- Try it -
Set down, word for word, every line of the material below from the one containing "креслоВ гостиничном номере" through the one containing "Найдена в лесу", but none of its pictures.

- Record extracts -
****

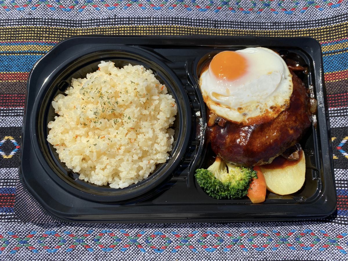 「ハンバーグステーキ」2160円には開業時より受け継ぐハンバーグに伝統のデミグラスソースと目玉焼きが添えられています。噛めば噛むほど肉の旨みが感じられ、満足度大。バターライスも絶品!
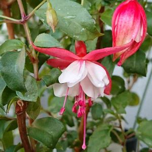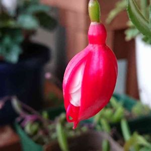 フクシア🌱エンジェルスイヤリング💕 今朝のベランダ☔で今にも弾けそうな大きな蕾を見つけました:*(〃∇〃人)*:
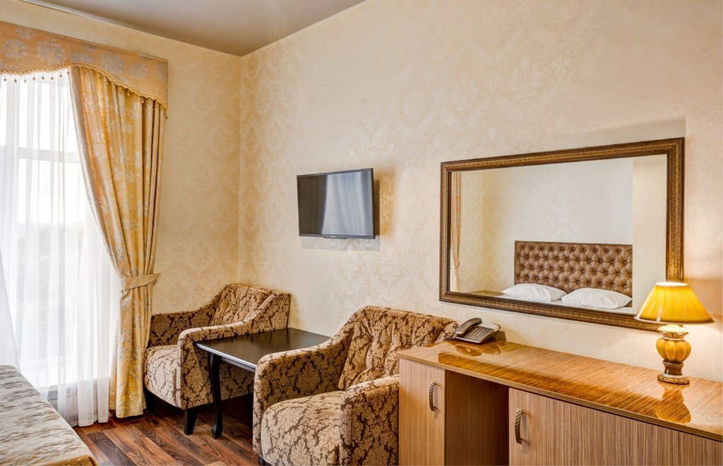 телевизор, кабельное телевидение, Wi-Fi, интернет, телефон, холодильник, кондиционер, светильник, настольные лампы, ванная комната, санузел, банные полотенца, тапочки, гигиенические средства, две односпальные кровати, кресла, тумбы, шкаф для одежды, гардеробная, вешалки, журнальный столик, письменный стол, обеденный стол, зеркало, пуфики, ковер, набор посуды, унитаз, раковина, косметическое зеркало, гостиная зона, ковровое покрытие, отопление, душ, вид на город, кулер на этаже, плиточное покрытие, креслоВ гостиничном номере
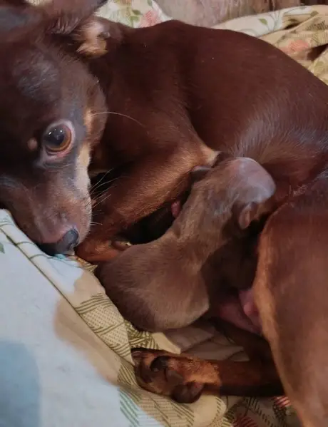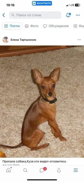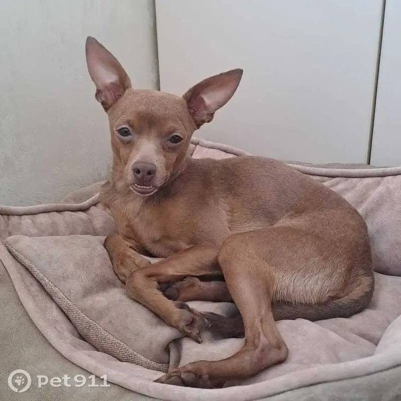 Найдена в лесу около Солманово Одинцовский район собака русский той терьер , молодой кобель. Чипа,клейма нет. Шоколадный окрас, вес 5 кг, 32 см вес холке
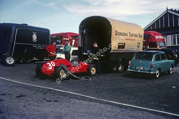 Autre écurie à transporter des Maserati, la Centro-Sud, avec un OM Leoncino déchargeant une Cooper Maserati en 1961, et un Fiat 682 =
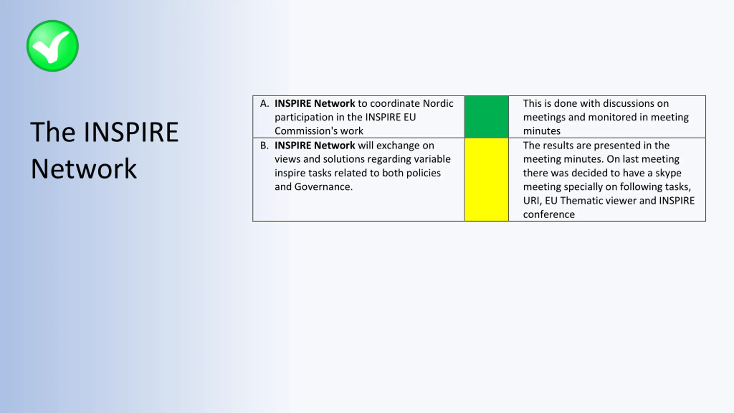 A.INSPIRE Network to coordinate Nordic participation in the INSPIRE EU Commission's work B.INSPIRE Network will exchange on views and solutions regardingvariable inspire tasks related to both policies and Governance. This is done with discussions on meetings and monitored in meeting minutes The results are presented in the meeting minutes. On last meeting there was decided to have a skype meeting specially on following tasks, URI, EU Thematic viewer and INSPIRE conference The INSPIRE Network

****

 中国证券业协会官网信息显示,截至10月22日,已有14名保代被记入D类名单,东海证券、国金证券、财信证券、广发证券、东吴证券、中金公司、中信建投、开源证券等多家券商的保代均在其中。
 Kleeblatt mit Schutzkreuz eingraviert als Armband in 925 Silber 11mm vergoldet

****

- Written solution -
 телевизор, кабельное телевидение, Wi-Fi, интернет, телефон, холодильник, кондиционер, светильник, настольные лампы, ванная комната, санузел, банные полотенца, тапочки, гигиенические средства, две односпальные кровати, кресла, тумбы, шкаф для одежды, гардеробная, вешалки, журнальный столик, письменный стол, обеденный стол, зеркало, пуфики, ковер, набор посуды, унитаз, раковина, косметическое зеркало, гостиная зона, ковровое покрытие, отопление, душ, вид на город, кулер на этаже, плиточное покрытие, креслоВ гостиничном номере
 Найдена в лесу около Солманово Одинцовский район собака русский той терьер , молодой кобель. Чипа,клейма нет. Шоколадный окрас, вес 5 кг, 32 см вес холке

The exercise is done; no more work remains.